I’ll also show that condition regarding the income level:

# Plot relationship between income and distance to hospitals
ggplot(tract_acs, aes(x = median_incomeE, y = nearest_hospital)) +
  geom_point() +
  labs(title = "Income vs. Distance to Hospital", x = "Median Income", y = "Distance to Hospital (m)")

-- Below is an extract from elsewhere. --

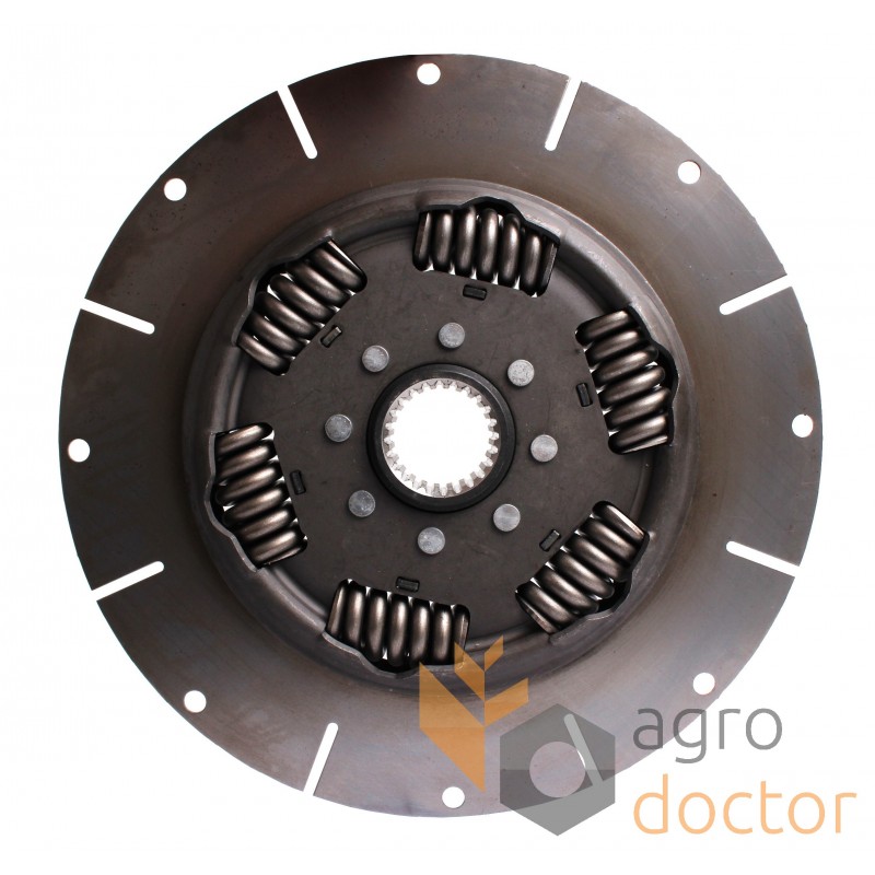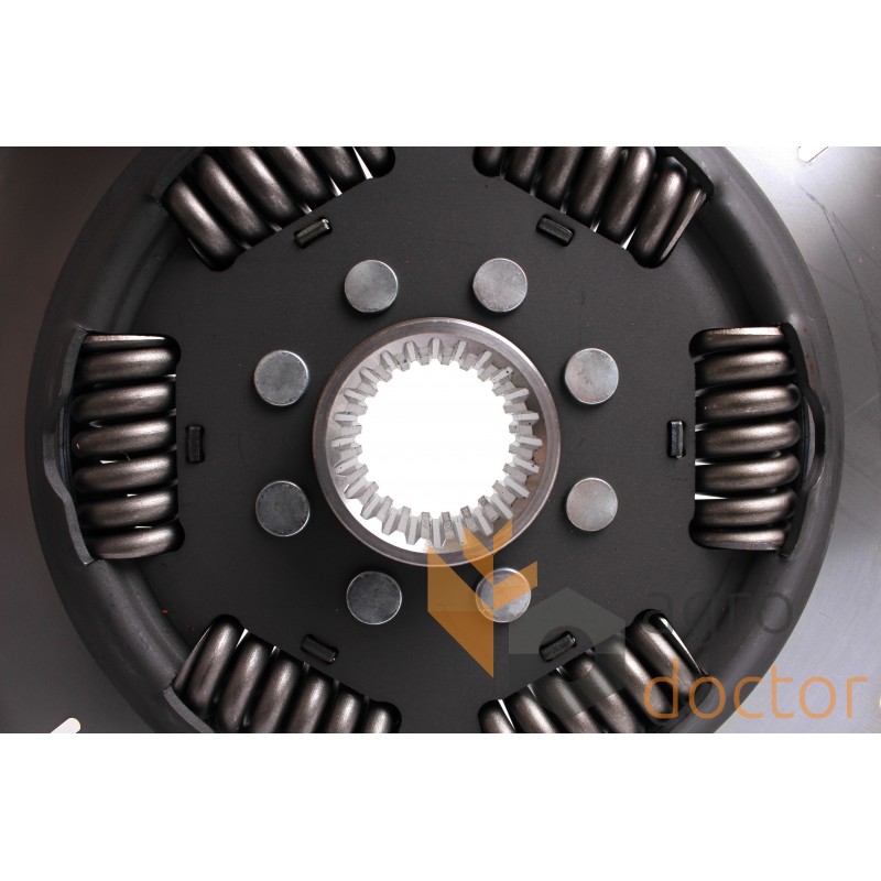 Сборочный узел состоящий из стальной пластины в виде диска с демпферными пружинами и втулкой со шлицами для установки на вал.

And lastly compare that conditions between different education levels with two maps:

# Create Bachelor's Degree map
bachelors_map <- tm_shape(tract_acs) +
  tm_polygons("education_bachelorsE", palette = "Blues", title = "Bachelor's Degree (%)") +
  tm_shape(hospital_data) +
  tm_dots(size = 0.02, col = "black", title = "Hospitals")

# Create High School map
highschool_map <- tm_shape(tract_acs) +
  tm_polygons("education_high_schoolE", palette = "Reds", title = "High School Education (%)") +
  tm_shape(hospital_data) +
  tm_dots(size = 0.02, col = "black", title = "Hospitals")

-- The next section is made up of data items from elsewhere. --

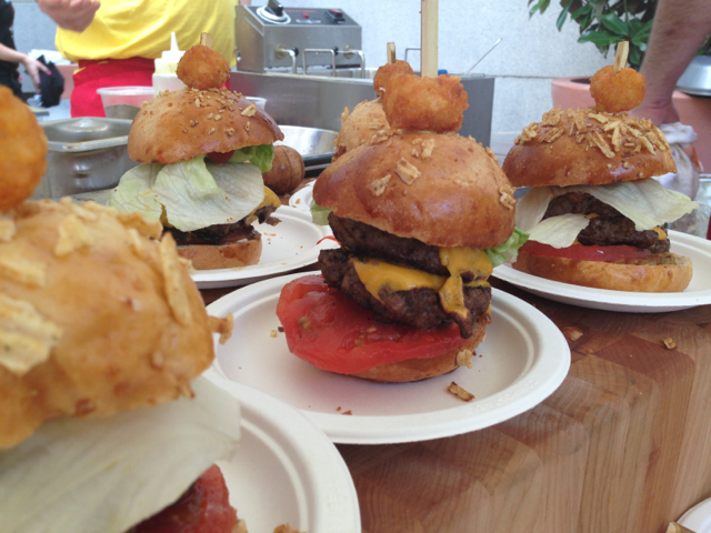 If you noticed the air in Chinatown yesterday was filled with the wafting scents of grilled meats, melted cheese, and loud burping, it’s because inside the courtyard of the Hotel Monaco, a few hundred gourmands dared to gulp down 10 different—and often extravagant—one-off burgers concocted for a gut-busting charity event.
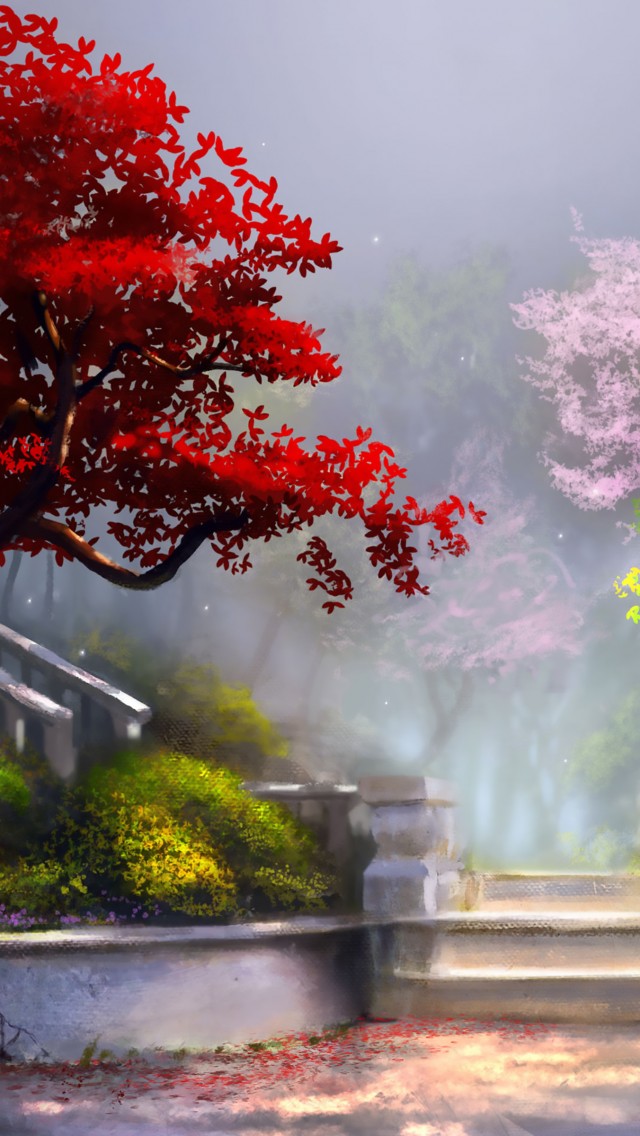 Art Painting Red Bonsai Tree Garden Wallpaper - 640x1136
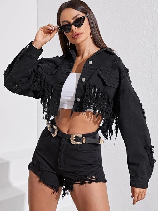 CM-CS209442 Women Preppry Seoul Style Distressed Frayed Cropped Denim Jacket - Black
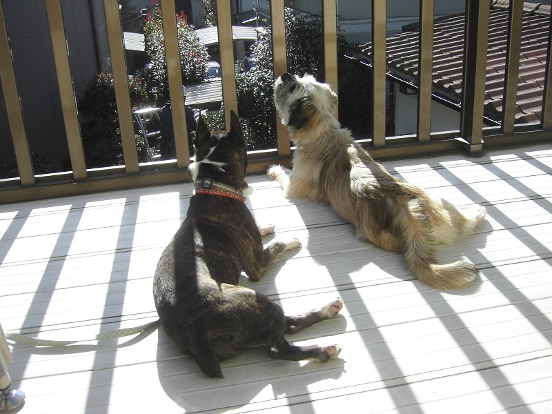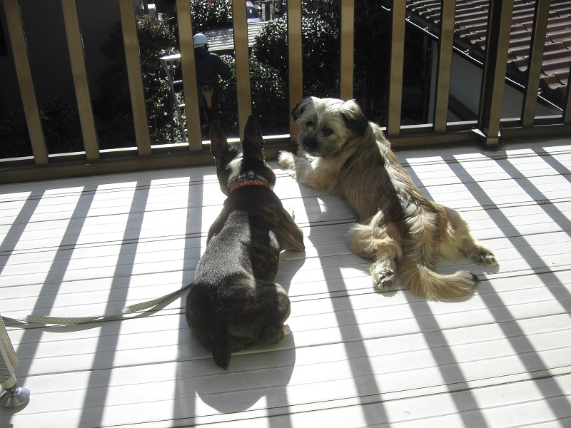 コーギー×シーズーmixのラッキーと、ラサ・アプソmix?のピッピ。

# Arrange maps side by side
tmap_arrange(bachelors_map, highschool_map)

Finally, we interpret the results to answer the question: Is the spatial distribution of hospitals in Fulton and DeKalb counties equitable?
Short answer: No, the spatial distribution of hospitals in Fulton and DeKalb counties is not entirely equitable.
Based on the results from the maps and plots, there are clear disparities based on region, race, income, and education levels. Predominantly Black and other minority communities, as well as lower-income areas, tend to have fewer hospitals or are located farther from the nearest hospital, while predominantly White and wealthier communities enjoy better access. The distribution of education levels follows a similar pattern to that of income, as education is often correlated with income levels and racial demographics. In other words, tracts with a higher percentage of residents with bachelor’s degrees tend to have better access to hospitals compared to those where high school graduates are more common. This is likely related to overall socioeconomic status, as higher educational attainment often aligns with wealthier areas. In areas with higher population densities, hospital accessibility is mixed. Some high-density areas have hospitals nearby, while others do not, suggesting an uneven distribution, which may be somewhat correlated with racial demographics. This could result in overcrowding in hospitals serving certain high-density areas.

Confusion: I initially performed the join and buffering around the centroid, but I found it unnecessary since the results were the same as what I’m getting now. Is this step actually necessary?